DATA RECORDS.
═══

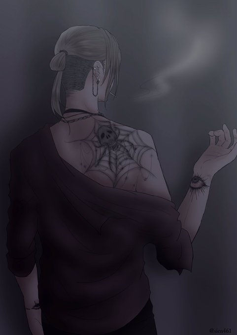 ちょこっと修正したやつ 尚哉の刺青頑張って描いた…_:(´ཀ`」 ∠): まだ幼い頃に親にされた根性焼きの痕を消すために、背中に大きな蜘蛛を もうリスカしないために、両腕にこちらを見つめ返す眼を という意味合いの刺青
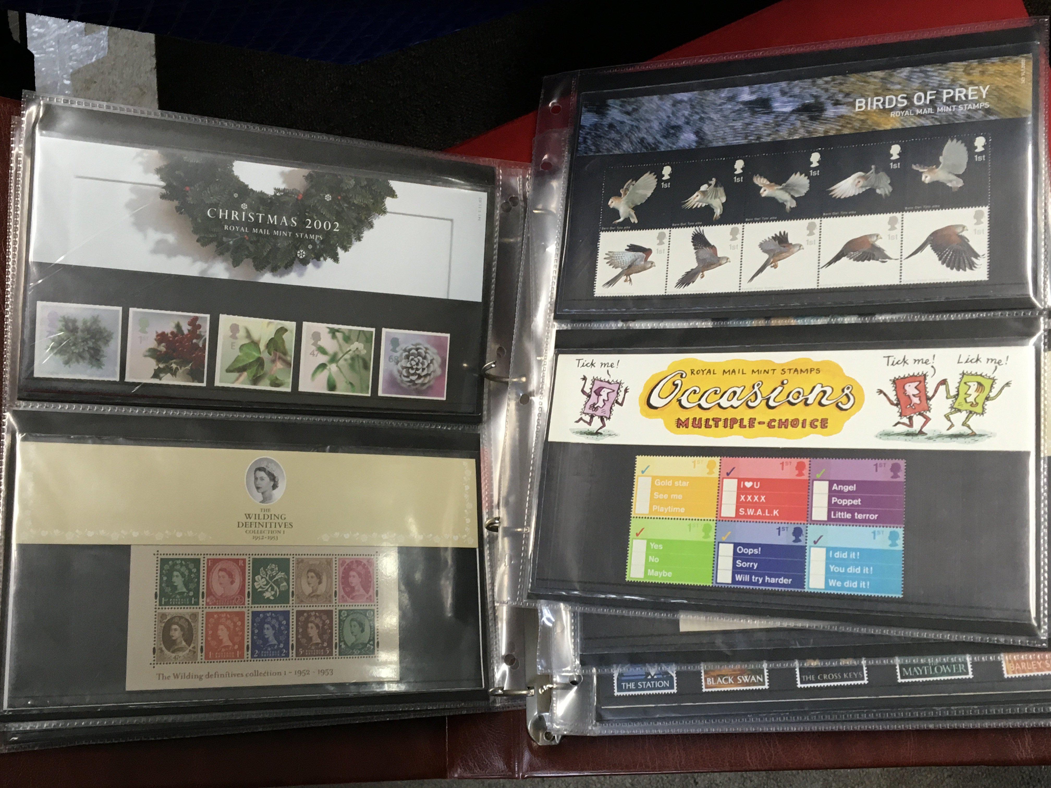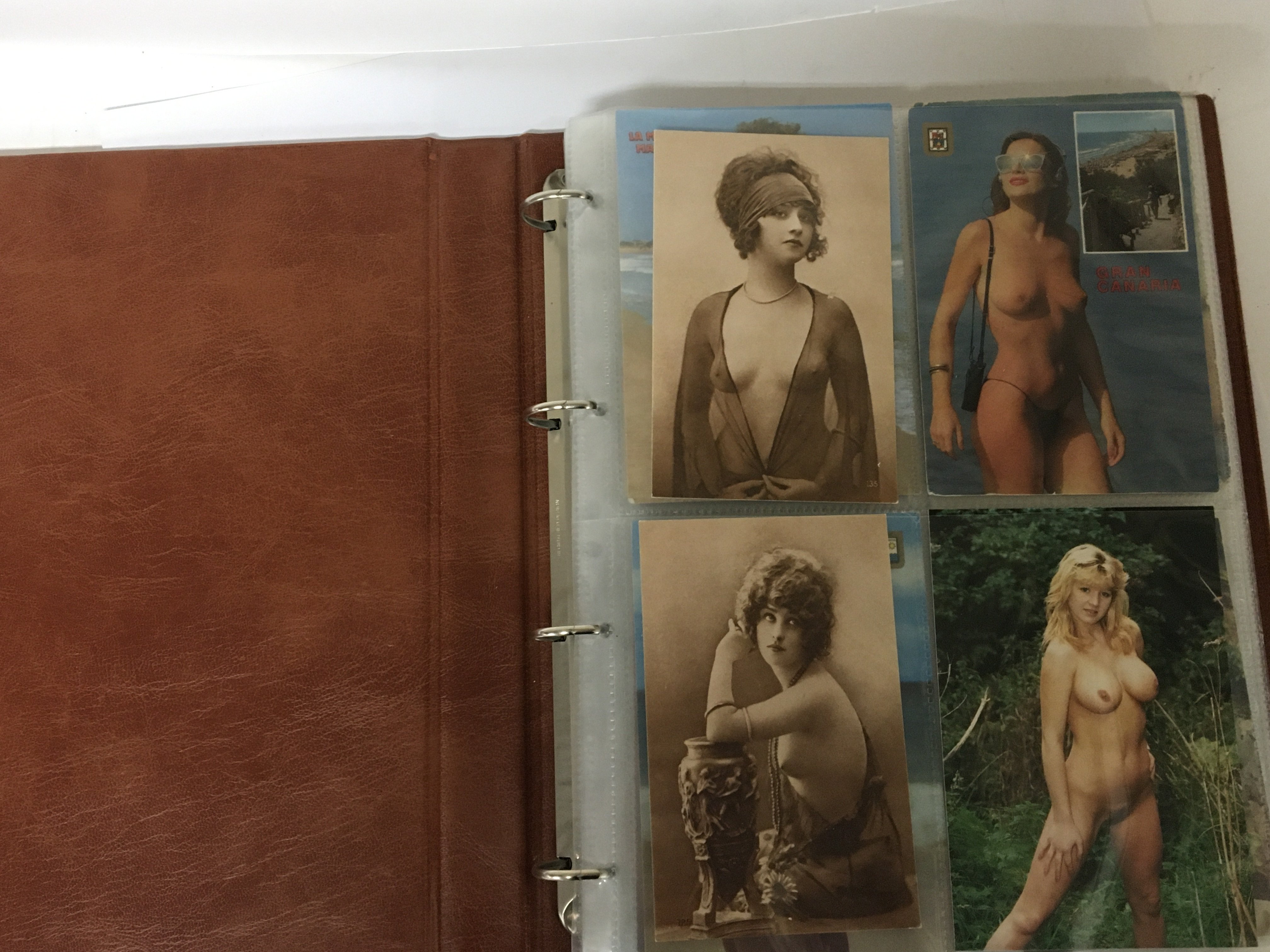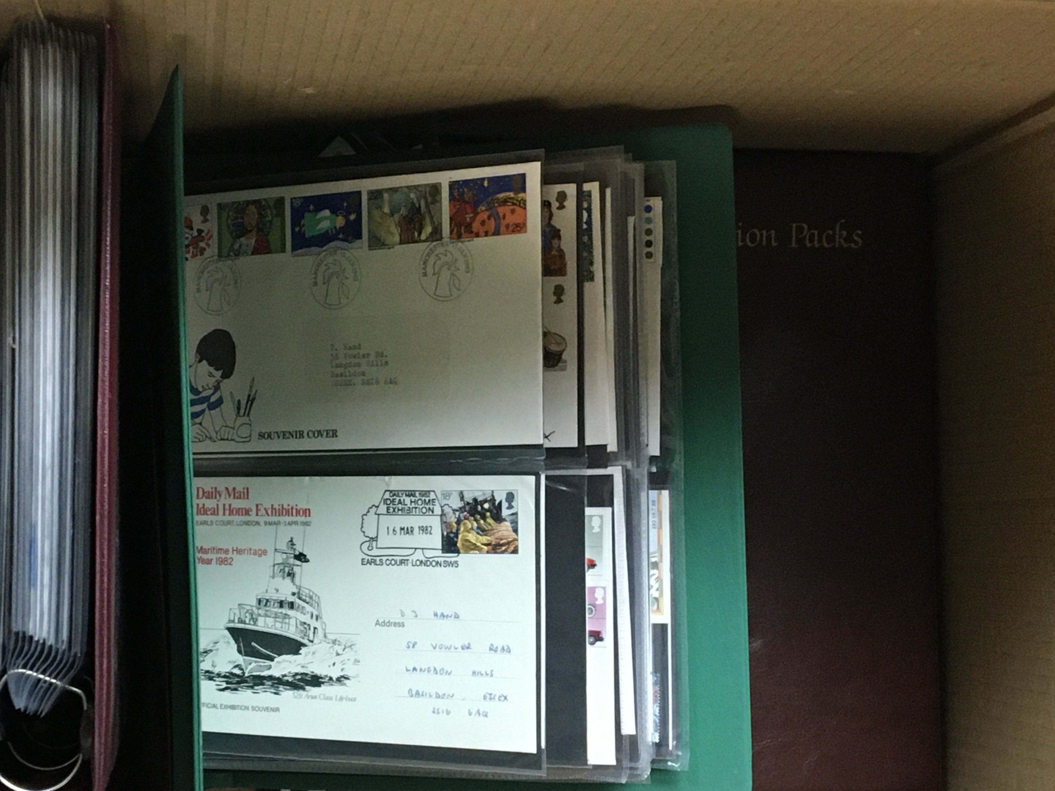 A box containing Royal Mail Albums of First day covers and some presentation packs and an album containing postcards depicting nudes.
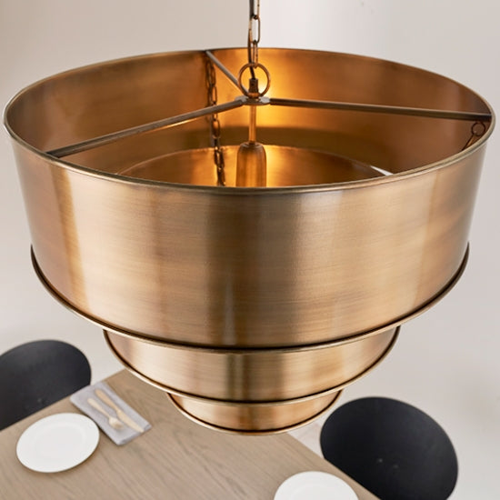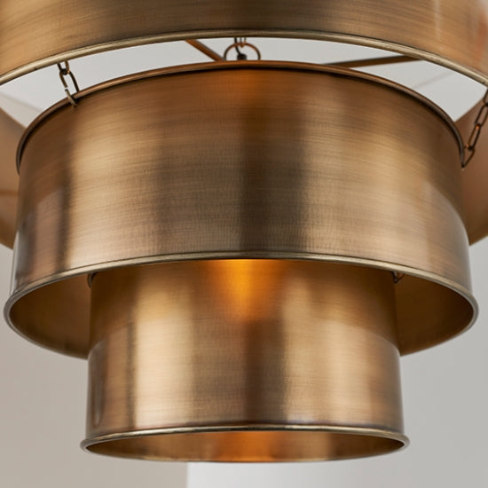 An eye catching pendant formed from 3 cylindrical tiered shades, all hanging from a metal chain and finished in an aged brass plate. Compatible with LED lamps and dimmable.
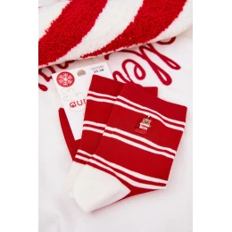 Hřejivé dámské vánoční ponožky v červené barvě s kombinací pruhů a roztomilého motivu medvídka. Vyrobené z měkké směsi s vlnou, která zajišťuje tepelný komfort a příjemný pocit při nošení. Ideální pro zimní období a vánoční atmosféru doma i do bot.
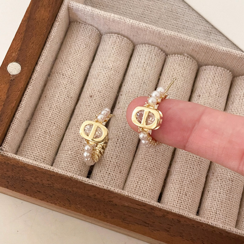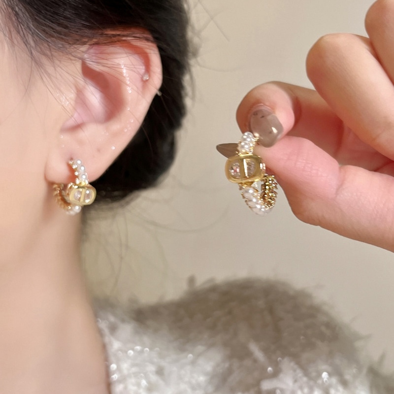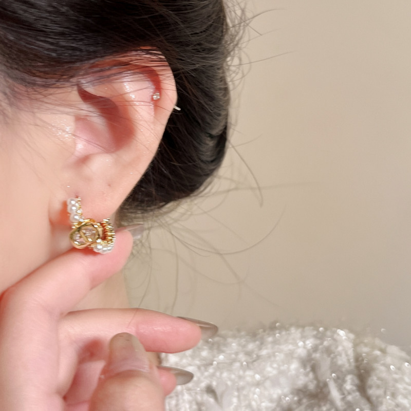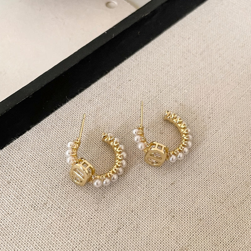 A2廠 韓國韓版 鋯石豬鼻子C型珍珠耳環批發 折扣@洽客服 26.03.W2「HE30874」
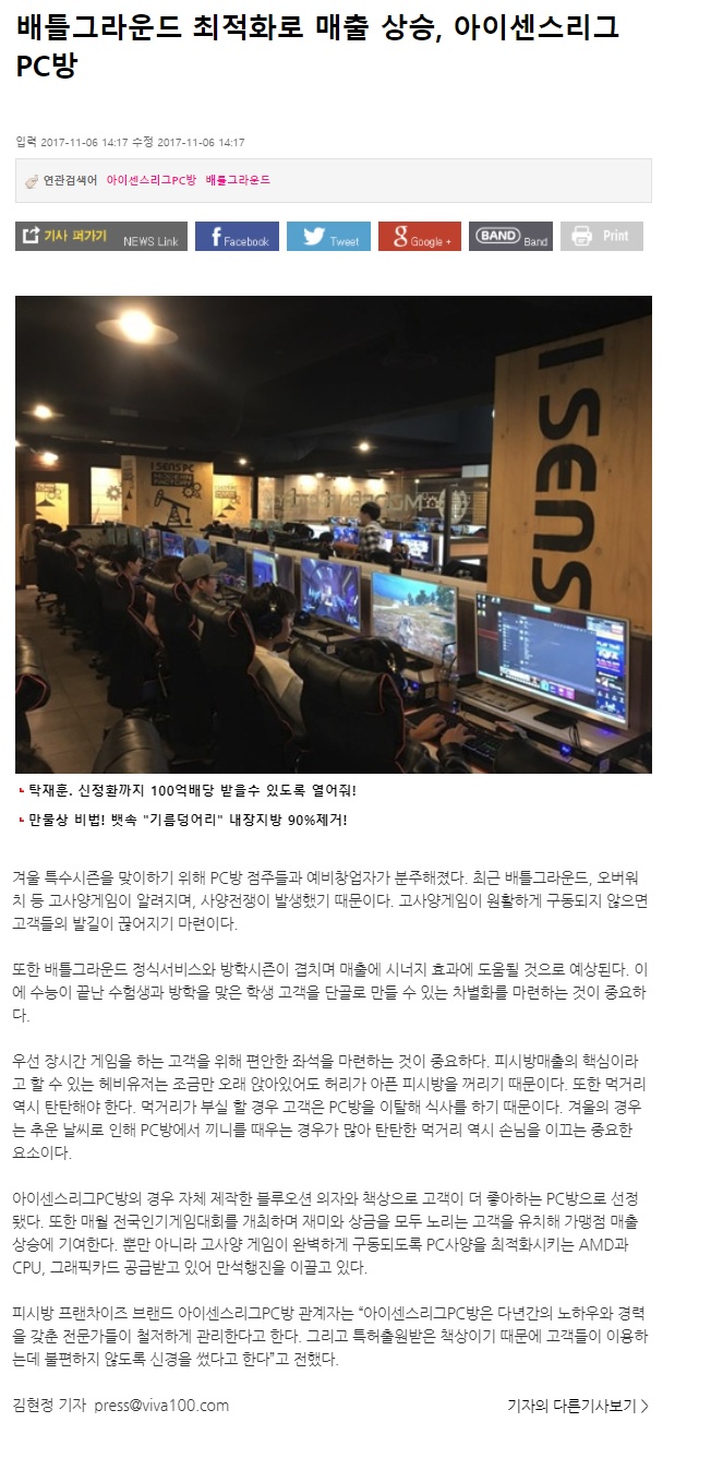 배틀그라운드출시, 아이센스리그PC방 전 가맹점 동시 사양 업그레이드 실시!

═══

TASK DIRECTIONS. When you give the entries again, keep them exact and omit any picture they contain.

RESPONSE BOX.
 ちょこっと修正したやつ 尚哉の刺青頑張って描いた…_:(´ཀ`」 ∠): まだ幼い頃に親にされた根性焼きの痕を消すために、背中に大きな蜘蛛を もうリスカしないために、両腕にこちらを見つめ返す眼を という意味合いの刺青
 A box containing Royal Mail Albums of First day covers and some presentation packs and an album containing postcards depicting nudes.
 An eye catching pendant formed from 3 cylindrical tiered shades, all hanging from a metal chain and finished in an aged brass plate. Compatible with LED lamps and dimmable.
 Hřejivé dámské vánoční ponožky v červené barvě s kombinací pruhů a roztomilého motivu medvídka. Vyrobené z měkké směsi s vlnou, která zajišťuje tepelný komfort a příjemný pocit při nošení. Ideální pro zimní období a vánoční atmosféru doma i do bot.
 A2廠 韓國韓版 鋯石豬鼻子C型珍珠耳環批發 折扣@洽客服 26.03.W2「HE30874」
 배틀그라운드출시, 아이센스리그PC방 전 가맹점 동시 사양 업그레이드 실시!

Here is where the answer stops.